Try putting yourselves in the shoes of a potential investor who is trying to figure out how to get started with investing. Do an internet search for “financial advice near me.” Look at the first result. Is it immediately clear how that firm or person is registered? Can you tell if they are acting as a fiduciary? Probably not. But their website probably does imply that they can help you make the best decision on what to do with your money. It might even use the word “advice.” Unless you know better, it might never occur to you to ask those questions about what type of “advisor” they are and if the advice they are providing is in your best interests or not. That doesn’t mean the advisor isn’t trustworthy, but the reality of what is expected of the advisor might not match the expectations for the investor. 

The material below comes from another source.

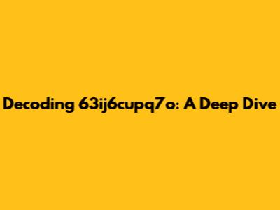Decoding 63ij6cupq7o: A Deep Dive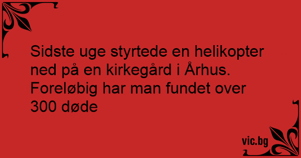 Kirkegården En blondine siger til en anden “Vidste du godt der var en helikopter der styrtede ned i kirkegården i går? Der er fundet mange døde og tallet er stigende”.

One potential solution to that problem is to more closely regulate the titles used by brokers and advisors. The idea seems to be gaining some momentum. Included in a largely de-regulatory push put forward by the Chair of the House Financial Services Committee Jeb Hensarling (R-TX), is a proposal to simplify the titles used by brokers, dealers and advisors. Similarly, as the SEC considers its next move in fiduciary regulation, a comment letter from the CFA Institute advocates for subjecting anyone who uses the word “advisor/adviser” in their title to registration under the Advisers Act and the fiduciary standard that comes with it. The thought behind such policies is that if faced with a choice between sales and advice, the market would self-sort accordingly, there would be less blurring of lines when it comes to their services, and less disagreement about the standards of conduct within each tier.